In RawTherapee, we can place static pickers on our image to constantly display the color values (in multiple areas at once even, but since we know our image is linear we only need one):
You can make these pick areas bigger and smaller by holding control and left/right clicking on them. The bigger the area, the better the average sample of the area to smooth out the noise. You'll find the sample area also changes as you zoom in and out of the image.
Then, we want to see these RGB values in a 0-255 range that we can match. To do this, just click a few times on this area of the navigator to toggle between the display modes:
OK then, now we're ready to adjust our exposure until the white level is correct… but what is “correct”?
This topic is a bit of a can of worms, and the main cause of revisions of this workflow.
In a nutshell, the white value we're aiming for is
[244, 244, 241] if you're shooting in natural light, or
[235, 232, 226] if you're shooting with a cross-polarized flash (i.e. accounting for the lack of a specular component). If you're interested in the proof and research into this topic, we recommend Martin Geupel's excellent articles on the subject.
As you can see, our values are far off initially. To adjust them, we can simply adjust the exposure compensation:
We're close, and honestly close enough, but if one of your channels is a bit further off you can go a step further and use the RGB curves section of the color tab in order to adjust each channel independently and achieve an even closer match:
Notice that if you pan around your image and zoom in and out, the sampled values change slightly due to the noise in the image. This is unavoidable, and a good reason not to spend too much time getting exact matching values. See the “It's never going to be perfect” section below if you're tempted to try.

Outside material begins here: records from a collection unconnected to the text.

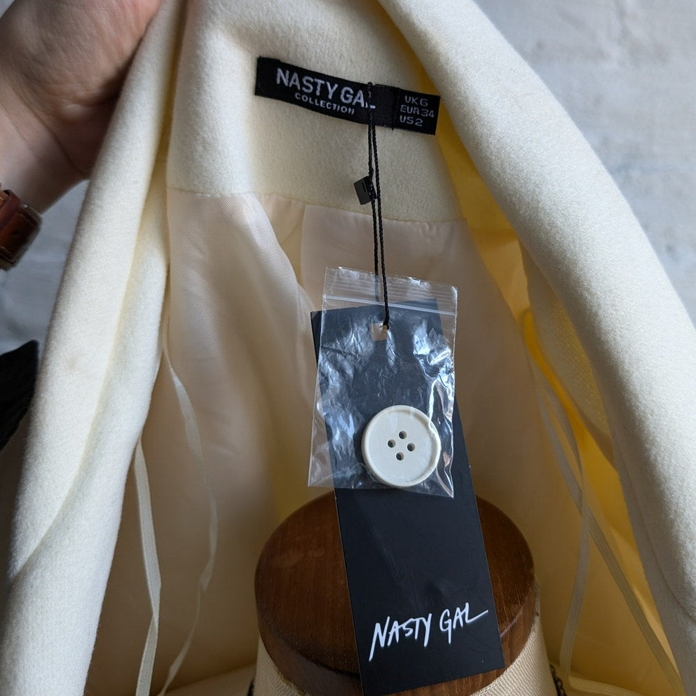 NWT! Retails $210+! Love this classic closet staple! The perfect tailored blazer that's super soft and cozy. 90s minimalist clean girl does light academia preppy vibes. Neutral cream off white in lightly fuzzy textured poly knit that mimics wool look. Elegant notched collar, single button closure, dual front pockets. Light shoulder pads, longline oversize silhouette, fully lined. Light to mid-weight, perfect for layers. New with tags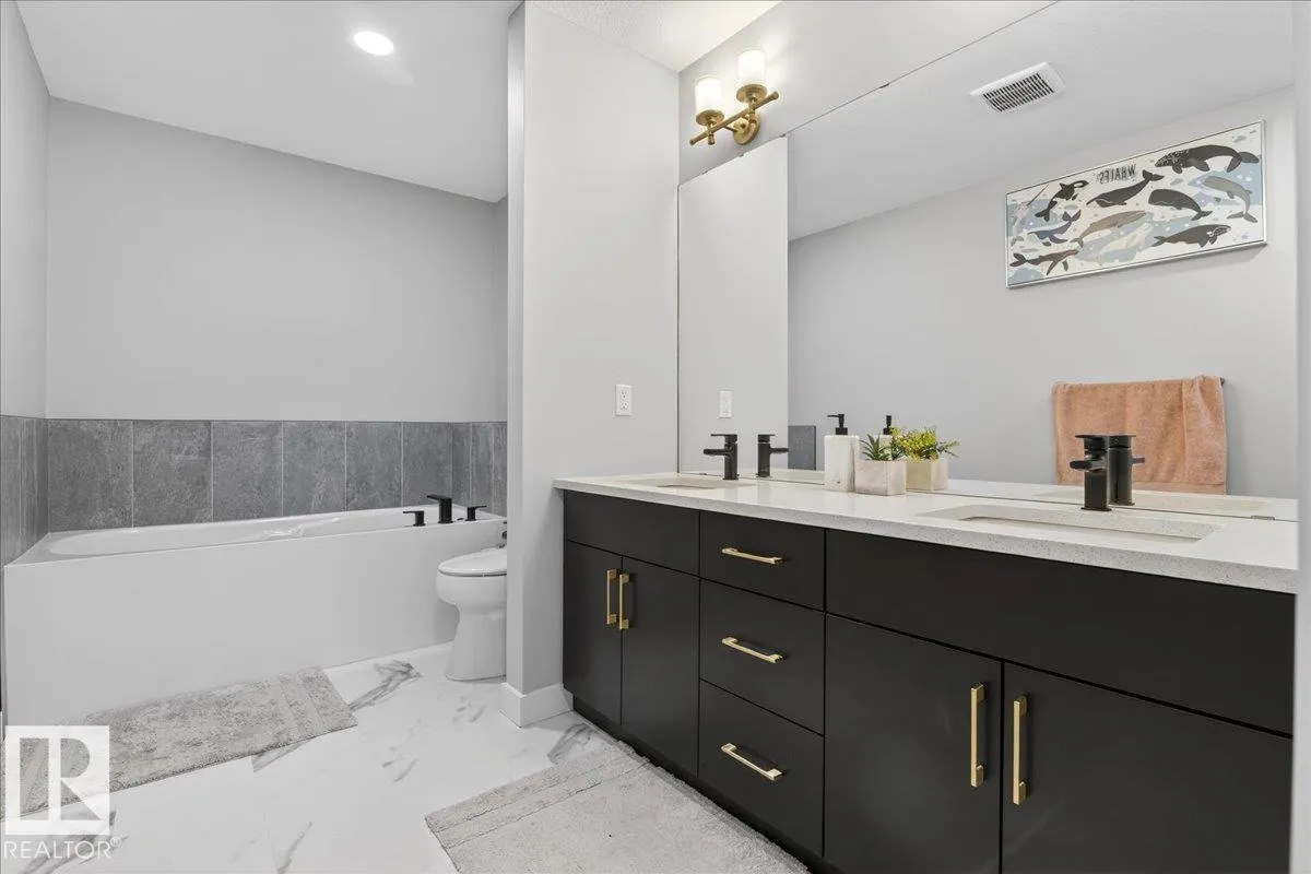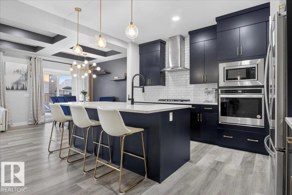 Welcome to Cavanagh, Edmontonâs one of the most popular communities. This meticulously maintained turnkey house is situated on REGULAR LOT with almost $20k in upgrades boasting over 2000 sq ft of luxury living. Situated in a quite cul-de-sac, the main floor features open concept with coffered ceiling, a bedroom, half bath, modern upgraded kitchen with cabinets to the ceiling, and durable vinyl flooring throughout the main and second levels. Upstairs offers 2 good sized bedrooms, convenient laundry, and a stunning primary retreat with vaulted ceilings, feature wall with fireplace and 5-pc ensuite. Legal 2-bed basement suite is already rented for $1,300/month + 35% utilities provides excellent mortgage help. Enjoy a large backyard & double attached garage. Located near walking trails, Costco, South Edmonton Common, Queen Elizabeth II Highway, and Edmonton International Airport, plus a future school opening in 2027. This home is also equipped with central A/C for hot summer days. Make this home yours today! (id:27476)
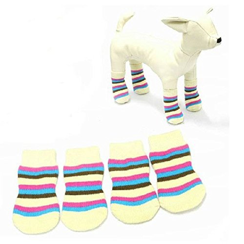 PRODUCT DESCRIPTIONS:Description: Cat Dog Socks Pet Colorful Stripe Pattern Cotton Socks Anti-slip Dog Socks â-Comfortable and warm for pet to wear, provide various of sizes. â-All socks are come with Non-slip sole to enchance grip. â-Prevent your pet dirt the floor, sofa, furniture and other home items. â-Reduce the risk of frostbite or slip during cold or rainy weather. Specification: Material: Cotton and spandex Color: Multicolor Size: S / M / L / XL SIZE TOE WIDTH LENGTH WIDTH FIT FOR DOG S 3.0cm(1.18") 6.0cm(2.36") 2.5cm(0.98") <1.5 kilos M 3.5cm(1.38") 7.5cm(2.96") 3.0cm(1.18") <3.5 kilos L 4.0cm(1.57") 9.0cm(3.54") 3.5cm(1.38") <7.5 kilos XL 4.5cm(1.77") 11cm(4.33") 4.0cm(1.57") <10 kilos Package Includes: 1 x Set Color Stripe Pet Socks(4 pcs)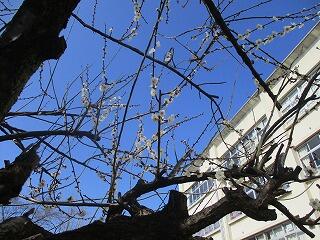 卒業式練習,3日目。雨上がりの今日,体育館前の梅の花が,五分咲きとなりました。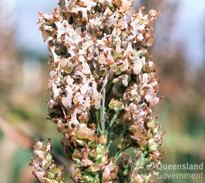 - Brown mouldy fungal growth evident on sorghum panicles with grain mould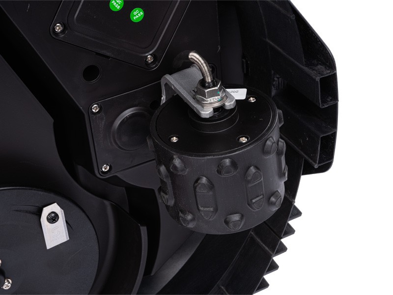 - Pohon všech kol: Model X7 je vybaven pohonem všech kol (AWD), který bezproblémovou trakci i v nejnáročnějším terénu. To mu umožňuje bezpečně a spolehlivě sekat ve svazích se sklonem až 70 %. Systém AWD neotáčí všemi koly najednou, ale otáčení zajišťuje menší středové kolečko. Sekačka se pak pohybuje ladně a při otáčení neničí trávník. Navíc pracuje v paralelních pruzích pro maximální efektivitu sečení.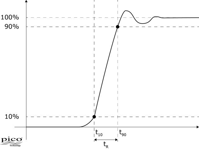 일반적으로 대역폭과 상승시간의 관계식은 $ {F}_{BW} = 0.35/T_{r}$입니다.

The foundation of the color chart workflow is knowing what color those little squares are supposed to be. You'd think it would be easy to find this information, and you'd be right, however, what you'll find is conflicting sources with slightly different values.
Typically the values may vary by 1-5 on the 0-255 scale which is enough to make a noticeable difference in contrast. But if you're using an older reference, the values may be even further off.
X-rite changed the formula for their chart colors quite significantly around 2014, and these old values (now wrong for modern charts) are sometimes still proliferated across the web and even inside calibration tools.
We obtained noticeably different results when calibrating using supposedly the same chart preset in different software, so we reached out to Calibrite to receive a list of sRGB values for our chart, which you can download in the Calibration Toolkit linked above.
Be sure to confirm for yourself what the values for your chart are meant to be, and that your calibrated output is as close as possible.
But ultimately, in the real world perfection is unobtainable. Yes, you can theoretically create a perfect color profile such that the values match exactly with the chart reference...
Ultimately, color calibration is a rabbit hole you could go crazy in. When you start chasing perfection, you can easily do more harm than good if you don't fully understand and control all of the circumstances, which in reality is not possible.
Our mindset at Poly Haven is to make a decent effort that gets you 95% of the way there, and then spend the time we've saved by avoiding the rabbit hole to improve the material in other more significant ways.